#### [Task to carry out]
Reproduce the listing below word for word, with no pictures.

== Given data ==

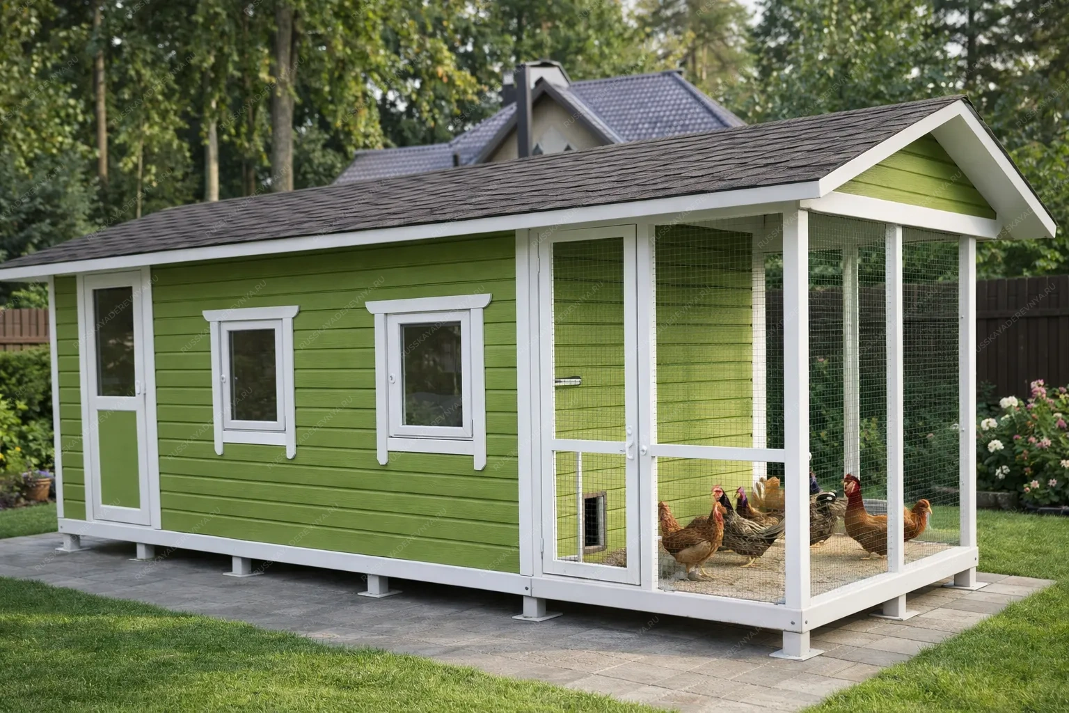 Деревянный курятник — это продуманное жилое пространство для содержания кур, объединяющее комфорт птицы и удобство ухода. Натуральная древесина создаёт внутри здоровый микроклимат: материал эффективно удерживает тепло в холодное время года, не перегревается в летний зной и обеспечивает естественную вентиляцию, что особенно важно для профилактики заболеваний птицы. Экологически чистая основа безопасна для кур любого возраста и исключает вредные испарения. Конструкция традиционно разделена на две функциональные зоны. Закрытая часть представляет собой утеплённый птичник с защитой от сквозняков и осадков, где куры ночуют, несутся и укрываются в непогоду. Здесь уже предусмотрено всё необходимое: удобные насесты для отдыха и гнёзда для кладки яиц, а также кормушки и поилки, размещённые с учётом свободного доступа птицы и простоты наполнения. Открытая ограждённая часть — это просторный выгул с сетчатым ограждением, защищающий поголовье от хищников и позволяющий курам свободно передвигаться, клевать траву и греться на солнце, что напрямую влияет на качество яиц и общее здоровье поголовья. Некоторые модели дополнены небольшим хозблоком для хранения инвентаря, кормов и подстилки. Такое решение позволяет держать всё необходимое под рукой, не загромождая основное помещение и не организуя отдельную постройку на участке. Древесина, прошедшая камерную сушку и обработку защитными составами, устойчива к влаге, перепадам температур и биологическим угрозам. Гладкая поверхность материалов упрощает уборку и дезинфекцию, а продуманная конструкция обеспечивает удобный доступ ко всем зонам. Курятник из дерева становится полноценным комплексом для содержания птицы, где соблюдены все условия для яйценоскости, здоровья и естественного поведения кур, а компактные размеры и природная эстетика позволяют органично вписать постройку в любой участок.
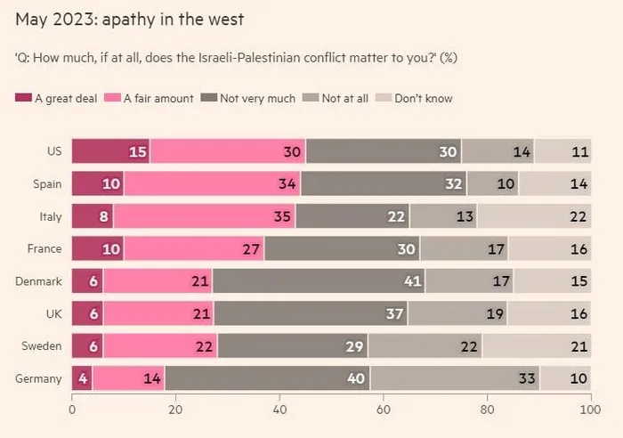 Filistin sorununun yıllardır süregelen bir çatışma alanı olduğunu belirten Financial Times, 7 Ekim'den önceki aylarda Batı Avrupa'nın büyük bir kısmında bu soruna yönelik yaygın tepkinin kayıtsızlık olduğunu hatırlattı.
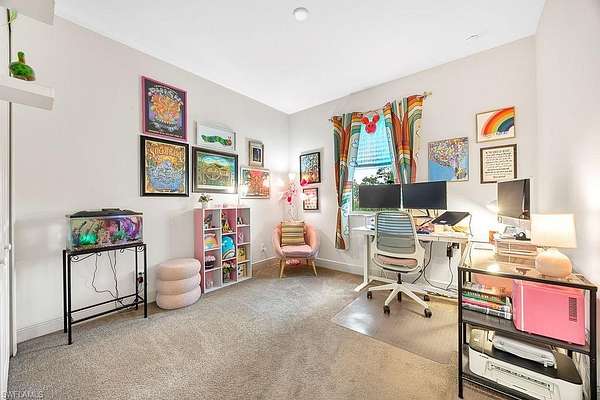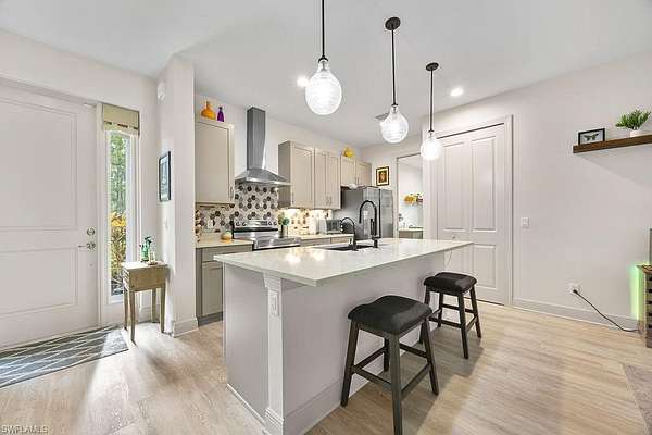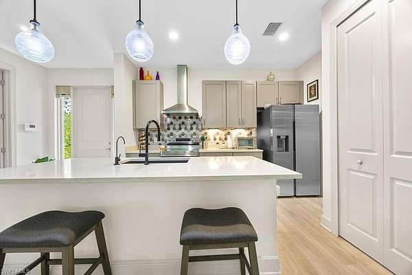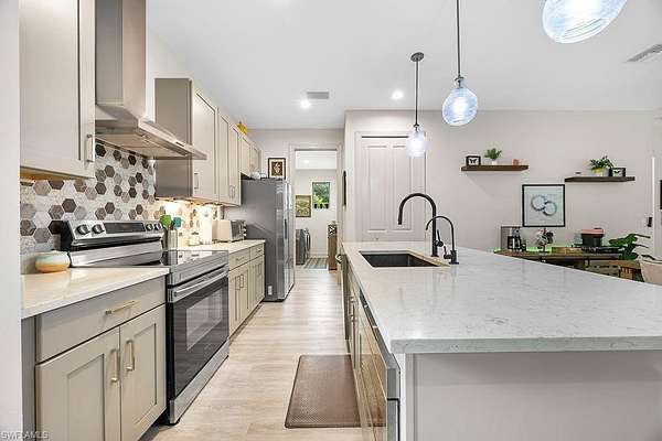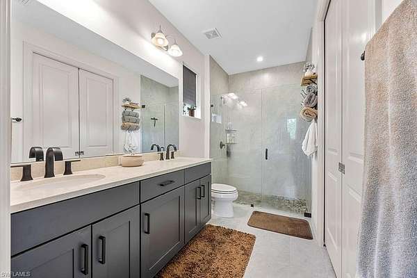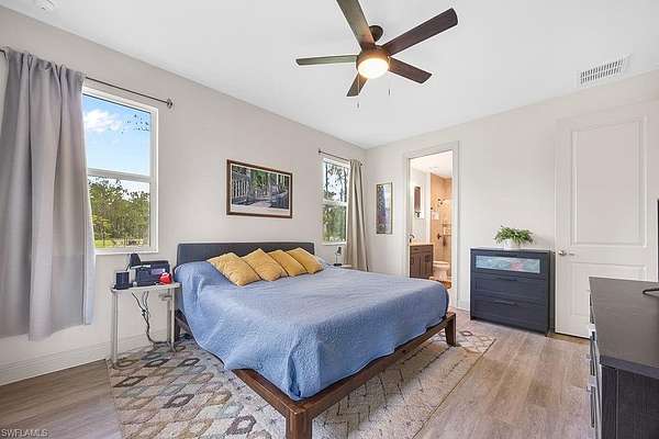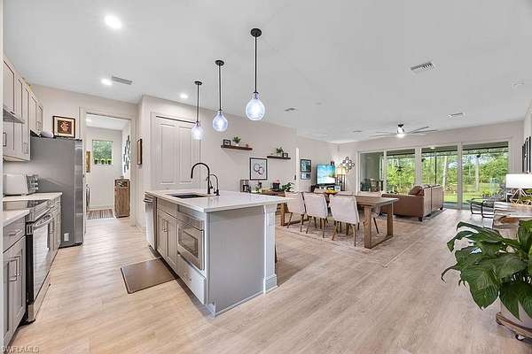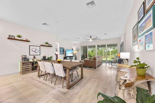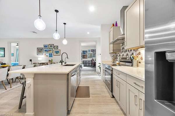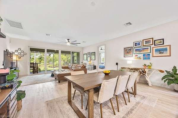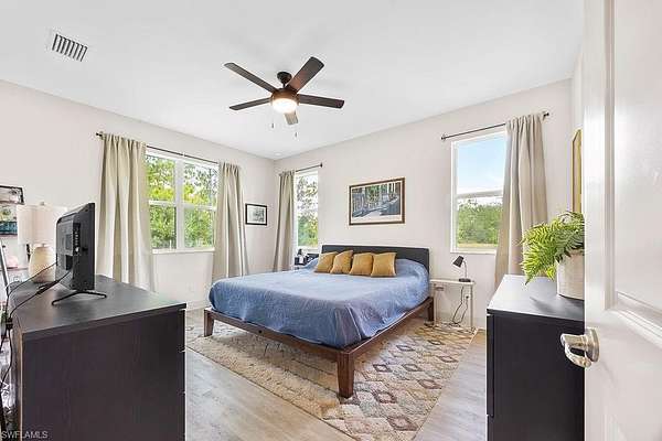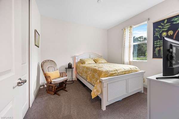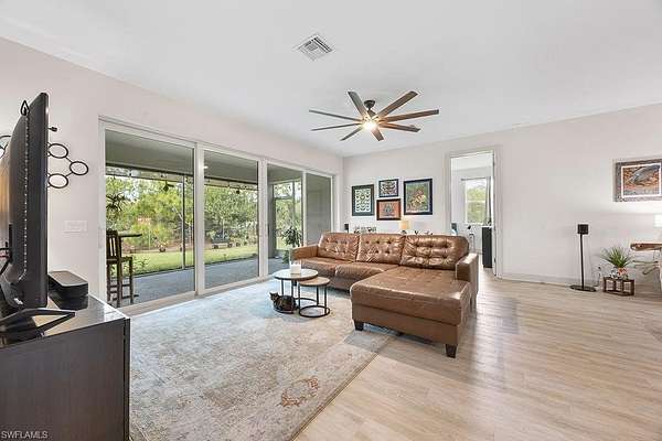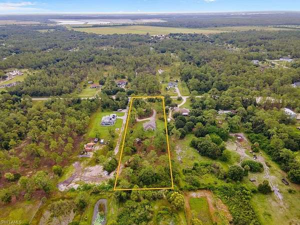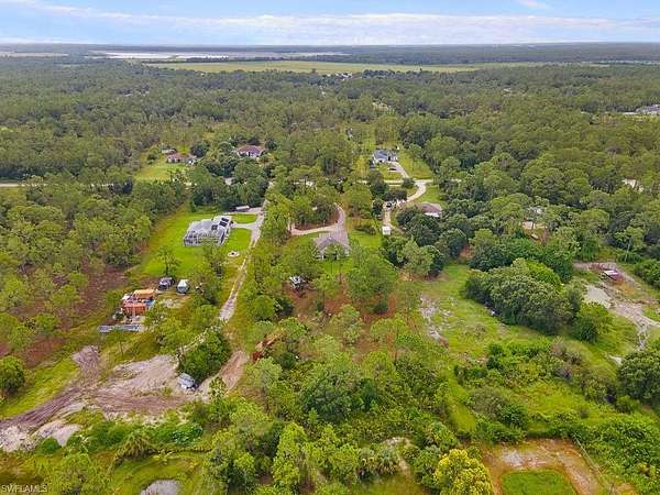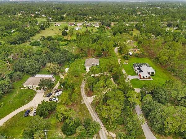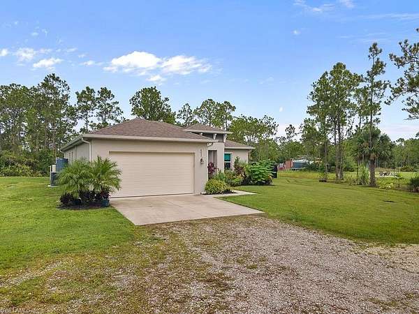 Built in 2023, this stunning 3-bedroom plus den home with a 2-car garage is tucked away on 2.27 acres (no wetlands) at the end of a quiet dead-end street in the desirable NE section of Golden Gate Estates in Naples, Florida, offering peace, privacy, and no traffic noise. Full of soothing color tones and warm wood accents, the home exudes a comfortable, cozy feeling while still offering modern elegance. Thoughtfully upgraded throughout, it features solid wood maple 41" cabinetry, quartz countertops, upgraded stainless steel Samsung appliances with drawer microwave and hood system, French doors to the den, frameless shower glass in the primary bathroom, an expanded primary closet, and smart design touches like a 40-amp outlet for EV charging, epoxy-coated garage floor, CAT5e wiring to every room, a whole-home surge protector, and a monthly serviced whole home reverse osmosis water system. Outdoor enhancements include gutters around the entire home, plumbing for a future outdoor kitchen, over 15 young fruit trees, a 320 sq ft storage container, and an expanded roundabout driveway. The property also carries a structural warranty through 2033. Ideally located just 15 minutes to Palmetto Ridge High School, Corkscrew Middle School, the new Publix shopping center with dining and retail, and Corkscrew Swamp Sanctuary where you can stroll through nature and wildlife, plus only 20 minutes to Seminole Casino, this home offers both modern comfort and the serenity of estate living.
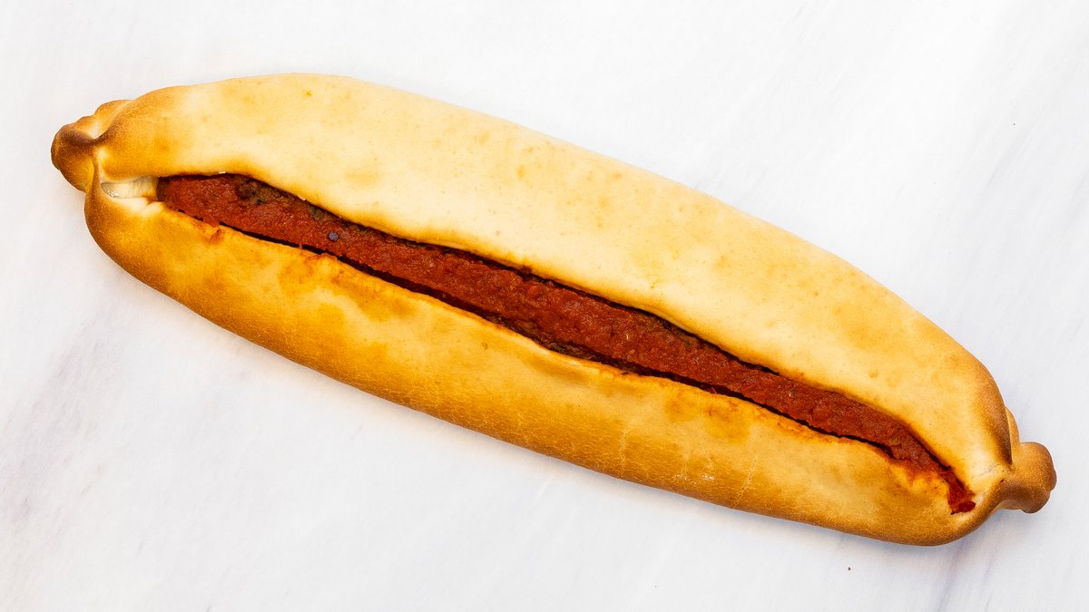 Pirog med kebabkött, riven ost och Café Libas egna tomatsås.

===

#### [Task solution]
 Деревянный курятник — это продуманное жилое пространство для содержания кур, объединяющее комфорт птицы и удобство ухода. Натуральная древесина создаёт внутри здоровый микроклимат: материал эффективно удерживает тепло в холодное время года, не перегревается в летний зной и обеспечивает естественную вентиляцию, что особенно важно для профилактики заболеваний птицы. Экологически чистая основа безопасна для кур любого возраста и исключает вредные испарения. Конструкция традиционно разделена на две функциональные зоны. Закрытая часть представляет собой утеплённый птичник с защитой от сквозняков и осадков, где куры ночуют, несутся и укрываются в непогоду. Здесь уже предусмотрено всё необходимое: удобные насесты для отдыха и гнёзда для кладки яиц, а также кормушки и поилки, размещённые с учётом свободного доступа птицы и простоты наполнения. Открытая ограждённая часть — это просторный выгул с сетчатым ограждением, защищающий поголовье от хищников и позволяющий курам свободно передвигаться, клевать траву и греться на солнце, что напрямую влияет на качество яиц и общее здоровье поголовья. Некоторые модели дополнены небольшим хозблоком для хранения инвентаря, кормов и подстилки. Такое решение позволяет держать всё необходимое под рукой, не загромождая основное помещение и не организуя отдельную постройку на участке. Древесина, прошедшая камерную сушку и обработку защитными составами, устойчива к влаге, перепадам температур и биологическим угрозам. Гладкая поверхность материалов упрощает уборку и дезинфекцию, а продуманная конструкция обеспечивает удобный доступ ко всем зонам. Курятник из дерева становится полноценным комплексом для содержания птицы, где соблюдены все условия для яйценоскости, здоровья и естественного поведения кур, а компактные размеры и природная эстетика позволяют органично вписать постройку в любой участок.
 Filistin sorununun yıllardır süregelen bir çatışma alanı olduğunu belirten Financial Times, 7 Ekim'den önceki aylarda Batı Avrupa'nın büyük bir kısmında bu soruna yönelik yaygın tepkinin kayıtsızlık olduğunu hatırlattı.
 Built in 2023, this stunning 3-bedroom plus den home with a 2-car garage is tucked away on 2.27 acres (no wetlands) at the end of a quiet dead-end street in the desirable NE section of Golden Gate Estates in Naples, Florida, offering peace, privacy, and no traffic noise. Full of soothing color tones and warm wood accents, the home exudes a comfortable, cozy feeling while still offering modern elegance. Thoughtfully upgraded throughout, it features solid wood maple 41" cabinetry, quartz countertops, upgraded stainless steel Samsung appliances with drawer microwave and hood system, French doors to the den, frameless shower glass in the primary bathroom, an expanded primary closet, and smart design touches like a 40-amp outlet for EV charging, epoxy-coated garage floor, CAT5e wiring to every room, a whole-home surge protector, and a monthly serviced whole home reverse osmosis water system. Outdoor enhancements include gutters around the entire home, plumbing for a future outdoor kitchen, over 15 young fruit trees, a 320 sq ft storage container, and an expanded roundabout driveway. The property also carries a structural warranty through 2033. Ideally located just 15 minutes to Palmetto Ridge High School, Corkscrew Middle School, the new Publix shopping center with dining and retail, and Corkscrew Swamp Sanctuary where you can stroll through nature and wildlife, plus only 20 minutes to Seminole Casino, this home offers both modern comfort and the serenity of estate living.
 Pirog med kebabkött, riven ost och Café Libas egna tomatsås.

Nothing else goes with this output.